DOI: 10.5216/cab.v13i3.4890

NEFROTOXICIDADE DA PREDNISONA EM FELINOS

 

Leandro Abreu Fonseca1, Angelo Ton2, Fabiano Sellos Costa3, Andréa Alves1, Geórgia Galaes4, Fabrícia Modolo Girardi2

 
1Professores do Centro Universitário Vila Velha, Vila Velha, ES, Brasil. leandro.abreu@uvv.br
2Médicos Veterinários autônomos, Vila Velha, ES, Brasil.
3Universidade Federal Rural de Pernambuco, Recife, PE,Brasil
4Médica Veterinária autônoma, Eunápolis, BA, Brasil

RESUMO

Avaliou-se a nefrotoxicidade da prednisona em felinos com utilização de dose imunossupressora (5mg/kg/dia), por meio do hemograma, dos parâmetros bioquímicos séricos (uréia e creatinina) e urinários (GGT, proteína e creatinina) e da urinálise. Foram utilizados oito gatos, sem raça definida (SRD), adultos e com peso médio de 3 Kg. Os animais foram alojados em quatro baias (dois animais por baia) e alimentados com duas medidas de ração comercial por dia e água ad libitum por um período de adaptação de sete dias. O delineamento experimental foi inteiramente casualizado, sendo rejeitado qualquer critério específico de inclusão no trabalho, além da ausência de qualquer lesão renal prévia.
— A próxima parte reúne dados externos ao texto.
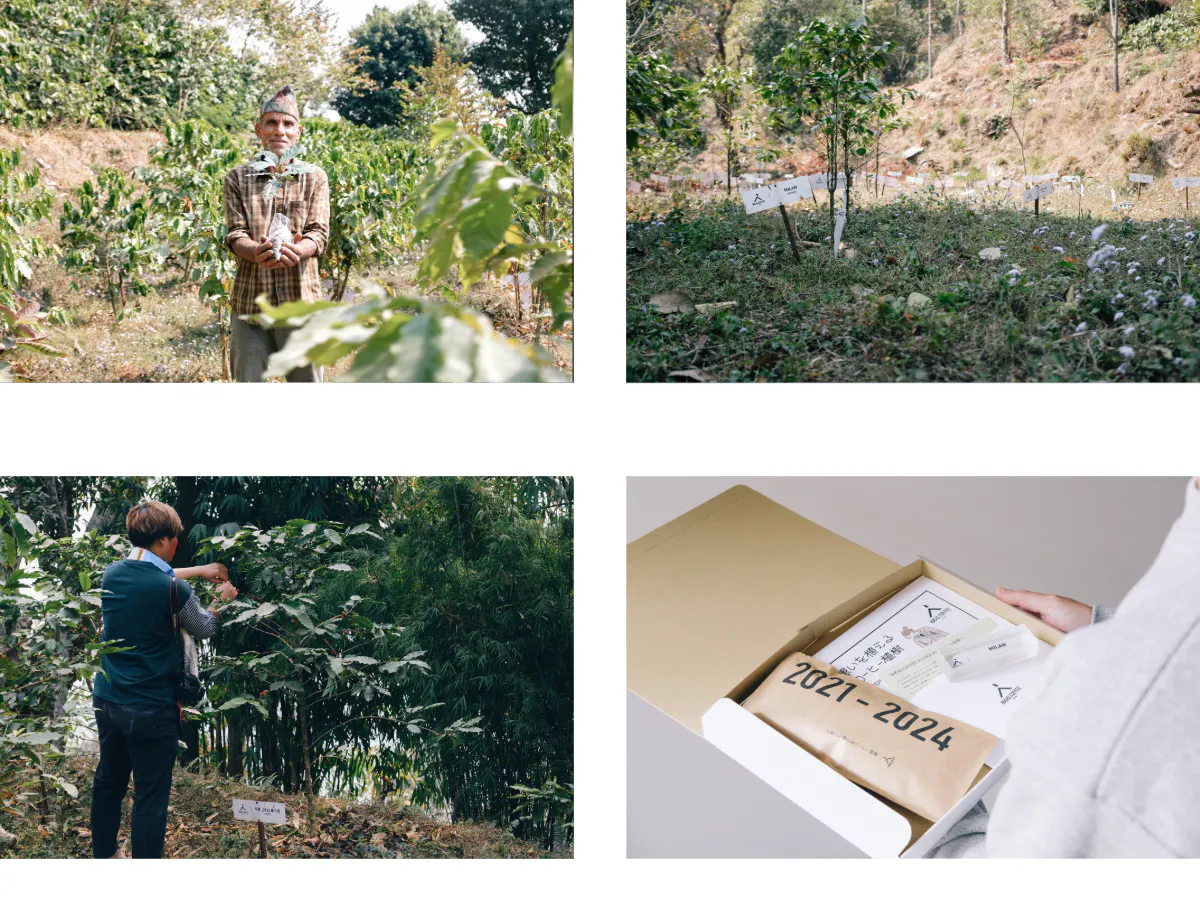 また、2021年からハルパン村のコーヒー農園に自分のコーヒーの木を植えて、3年後に収穫したコーヒーが届く「コーヒー植樹プロジェクト」も行っており、過去4年間で合計470本の植樹を実現。自分のコーヒーを育てて飲むことで、森をつくる【新しいコーヒーの楽しみ方】も届けてまいりました。
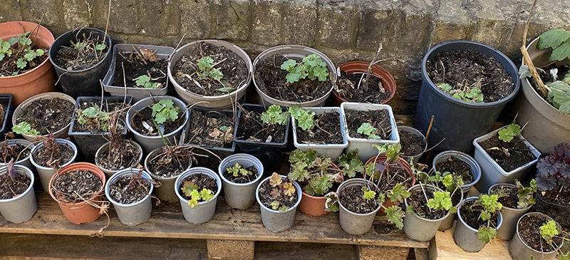 Not only generous in their colours, their flowering time and their general jolliness – but happy to give and give in terms of off shoots when you split them after a couple of years. Here are just some of the pots with roots of both heuchera and alchimella mollis, all of which will be for sale on our opening day on June 21st!

Os animais receberam 5mg/kg de prednisona via oral a cada 24 horas por um período de 14 dias. As amostras foram coletadas em dois momentos, sendo  animais em repouso antes da administração de prednisona (M1) e 14 dias (M2) após o início da administração do fármaco. Foram observadas diferenças significativas em alguns parâmetros hematológicos, bioquímicos e na urinálise. Conclui-se que a prednisona na dose imunossupressora (5mg/kg/dia) durante um período de 14 dias é potencialmente nefrotóxica e que a determinação da atividade da GGT urinária mostrou-se precisamente sensível à lesão tubular proximal precoce.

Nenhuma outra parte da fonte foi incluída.